Records provided:
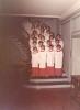 Boys wearing vestments standing in a group on staircase in Albemarle mansion
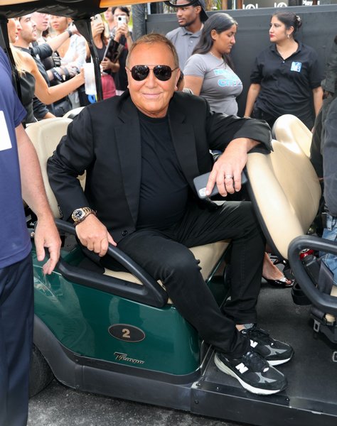 А "виновник события", 64-летний американский модельер и креативный директор бренда Майкл Корс появился на показе в total-black образе, добавив к нему очки и часы.
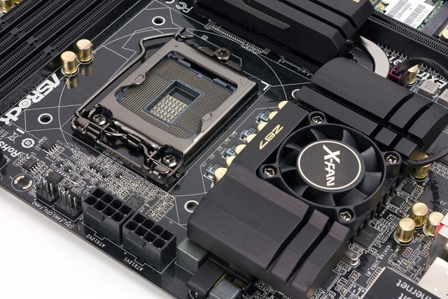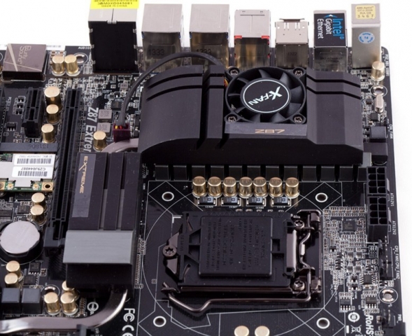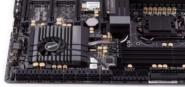 Два радіатора крім цього оснащені ще і вентиляторами охолодження. Перший радіатор з встановленим вентилятором охолоджує підсистему живлення центрального процесора. Другий радіатор розташований практично по центру плати охолоджує комутатор PLX PEX 8747. Третій радіатор, який теж оснащений вентилятором, крім чіпсета охолоджує ще і контролер LSI SAS 3008 з комутатором LSI SAS 3x24R. Всі радіатори кріпляться за допомогою гвинтів. Обороти обох вентиляторів можна регулювати через BIOS, а ось повністю їх відключити, не вийде. У номінальному режимі роботи вони практично безшумні, але якщо поставити примусово максимальні оберти, шум від вентилятора на чіпсеті стає помітним.
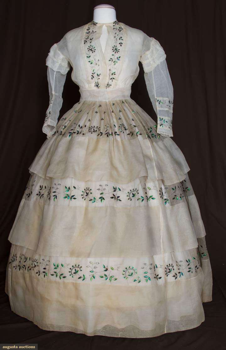 BEETLE TRIMMED ORGANDY DRESS, 1860s
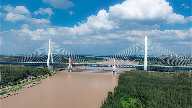 項目全長6.74公里,包括特大橋2座(跨黃河特大橋長2520米,跨濟廣高速特大橋長1066米)、中小橋3座,涵洞12道,平面交叉15處,分離式立交1處,互通式立交1處。跨黃河主橋及引橋段中部同步建設必要預留的軌道交通橋梁工程。
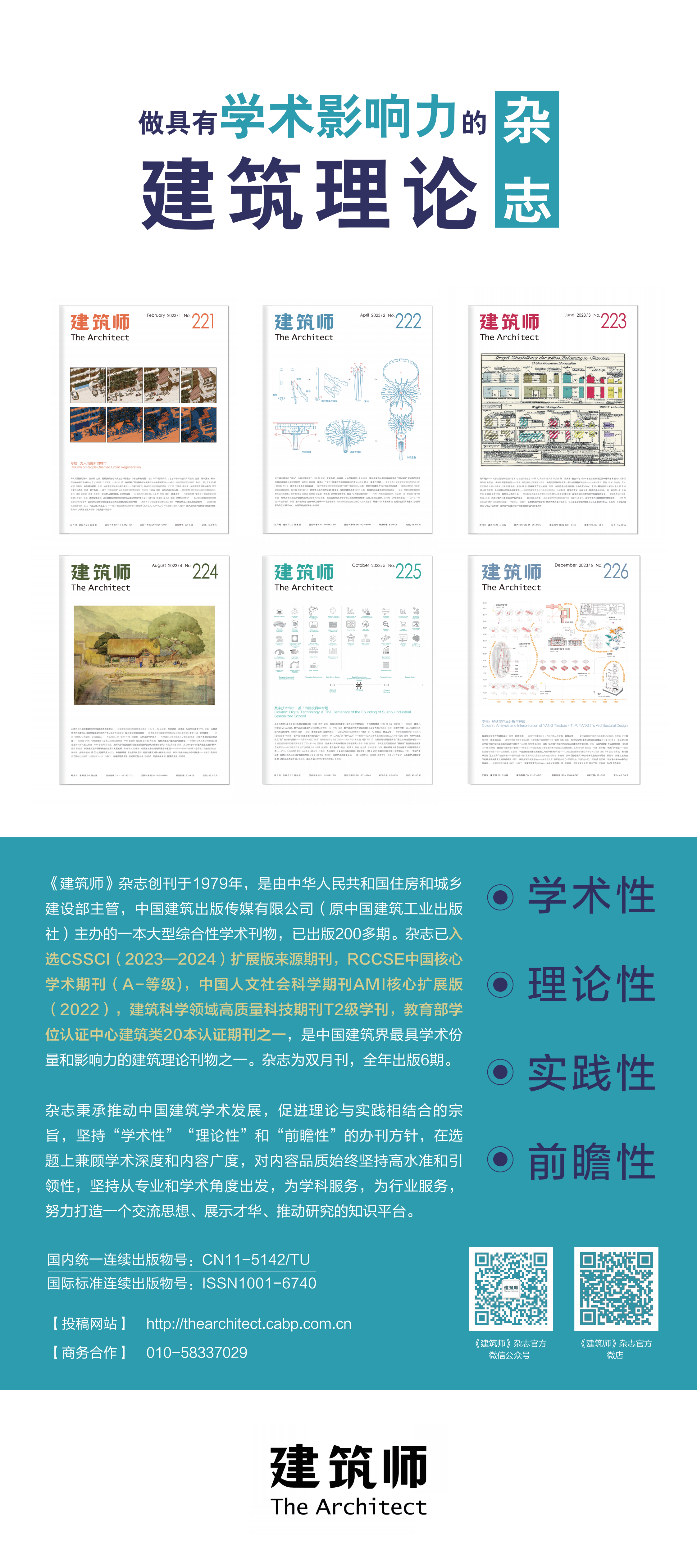 《建筑师》杂志创办于1979年,由住房和城乡建设部主管,中国建筑出版传媒有限公司(中国建筑工业出版社)主办,是一本大型综合性学术刊物,已出刊225期,刊载过大量具有学术价值和理论深度的文章。杂志记录了中国改革开放40多年来现当代中国建筑理论和历史的发展历程,见证和陪伴了几代建筑学人的成长,汇聚了大批专家、学者、建筑师以及建筑院校师生,成为中国建筑界最具学术影响力的理论刊物之一。
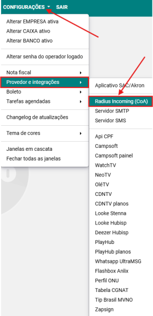 Passo 1: Acesse a opção CONFIGURAÇÕES → PROVEDOR E INTEGRAÇÕES → RADIUS INCOMING (CoA)
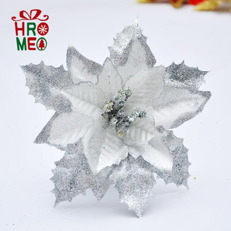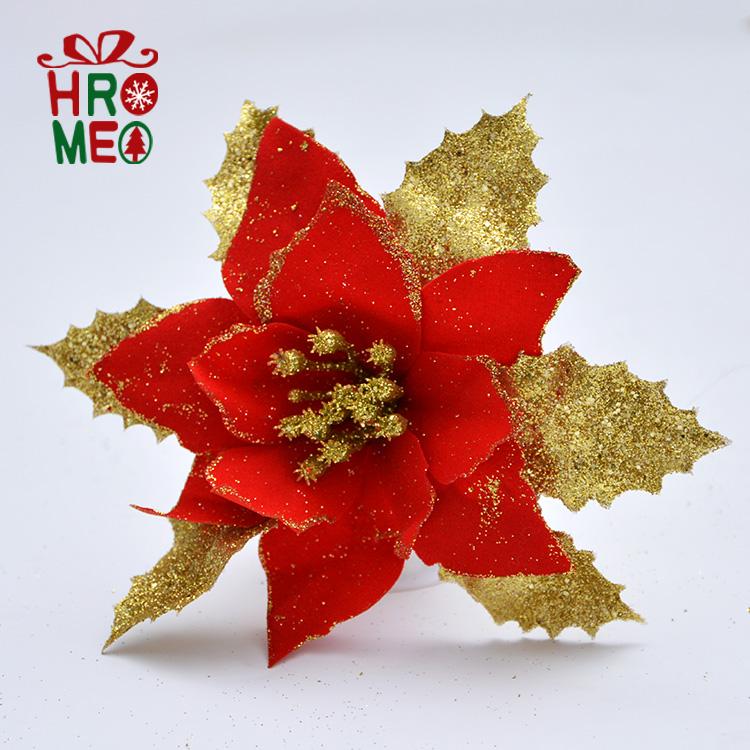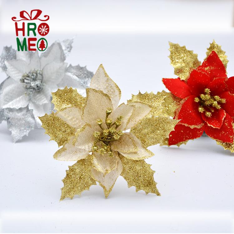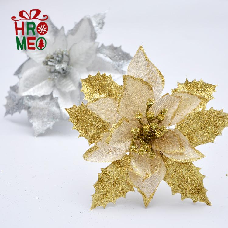 Hroemo 18cm Gold Red Silver Christmas Flowers Christmas Tree Garland Rattan decorative accessories Simulation flowers

Task brief: The lines from the one holding "Passo 1: Acesse" to the final line of the entries are to be duplicated exactly, and the pictures are to be left out.

Output for this task:
 Passo 1: Acesse a opção CONFIGURAÇÕES → PROVEDOR E INTEGRAÇÕES → RADIUS INCOMING (CoA)
 Hroemo 18cm Gold Red Silver Christmas Flowers Christmas Tree Garland Rattan decorative accessories Simulation flowers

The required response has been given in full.